If she hesitated over accepting the post, as is rumoured, I don’t blame her. At 53 she is in her prime; and while I am sure she will be going strong in ten years’ time, she will be entitled, it must be said, to a bus pass.
A decade is a long time to do any job, however much you like it, and if the last laureate’s thoughts on the matter are anything to go by, it is no easy ride.
Now that the post no longer lasts a lifetime, surely there is a strong argument for an annual or biennial handover, such as exists in the United States.
There, too, the post is splendidly described by the Library of Congress: the poet laureate “serves as the nation’s official lightning rod for the poetic impulse of Americans”.
I would like to think of Carol Ann Duffy and her electric, eclectic verse as a lightning rod for the poetic impulse of Britons — whatever form that impulse takes.
Duffy is a model for poets both practised and aspiring, in part because she is much more than a poet.
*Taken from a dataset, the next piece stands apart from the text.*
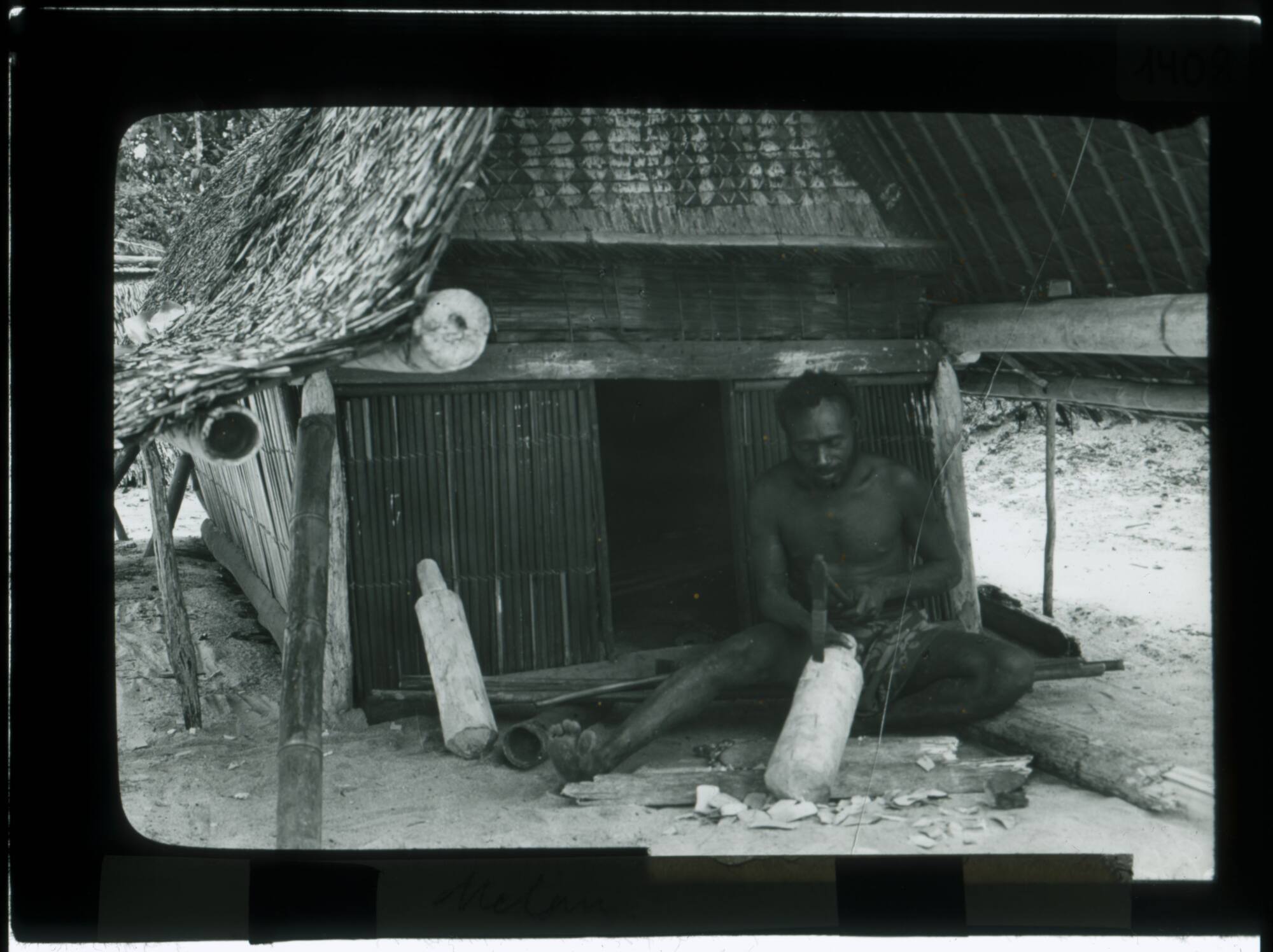 DescriptionIn den Aufzeichnungen von Elisabeth Krämer-Bannow und Augustin Krämer wird der Schnitzer im Bild namentlich als Téringa aus Hámba erwähnt. Zu dieser Szene, die während der Deutschen Marine-Expedition im Februar 1909 aufgenommen wurde, schreibt Elisabeth Krämer-Bannow nachträglich: "Der Malanggan-Schnitzer Teringa hatte sich bereit erklärt, vor unseren Augen eine kleine Figur zu schnitzen. Es war eine Ausnahme und geschieht sonst nicht. In Zeitabschnitten, die jedesmal Anlaß zu Festen geben, wird ein malanggan von einem Stadium zum anderen geschnitzt, bis es schließlich fertig bei der Hauptfeier zu Ehren Verstorbener ausgestellt wird" (Krämer-Bannow 1916: 146). Fotografische Dokumentation während der "Deutschen Marine-Expedition 1907-1909", vermutlich von Richard Schilling.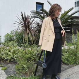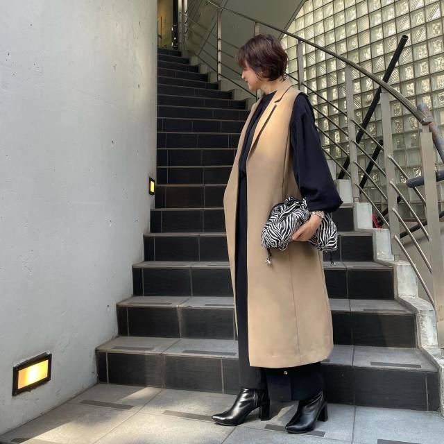 ボリューム袖やフリルなど甘めの黒ブラウスに合わせる羽織モノは、ベージュのトレンチコート・ロングジレがおすすめ。どちらもカッチリとした雰囲気があり、黒ブラウスを引き締めて大人っぽくアップデート。ガバッと羽織るだけでサマになりますよ。

She writes for children as well as adults and has published picture books for children as well as books of poetry. She has written plays for the stage and for radio and has edited two fine anthologies, Out of Fashion and Answering Back.
She is perhaps best known for her 1999 collection, The World’s Wife, a subversive and witty voicing of women silenced by literature. If you wonder what Mrs Tiresias thought of his sex change (“Then he started his period./ One week in bed./ Two doctors in./ Three painkillers four times a day.”) or how it was for Mrs Midas (“And who, when it comes to the crunch, can live/ With a heart of gold?”), Duffy has the answers.
But it was her most recent collection for adults, The Rapture, that consolidated her position as a writer at the top of her game. Rightly the winner of the T. S. Eliot Prize in 2005, this slender book charts the course of a love affair in language original and mythical, in verse both ordered and free.
“Love’s time’s beggar, but even a single hour,/ bright as a dropped coin, makes love rich./ We find an hour together, spend it not on flowers/ or wine, but on the whole of the summer sky and a grass ditch,” she writes in Hour.
In Rapture she does what true poets do best, which is to make the personal universal and that, surely, is the true job of the laureate.
Will Duffy end up writing poems for Edward and Sophie, as she once famously scorned to do? You never know; but there is no doubt that she will make the post her own.
A real poet cannot help but be a lightning rod, and Carol Ann Duffy is as real as they come.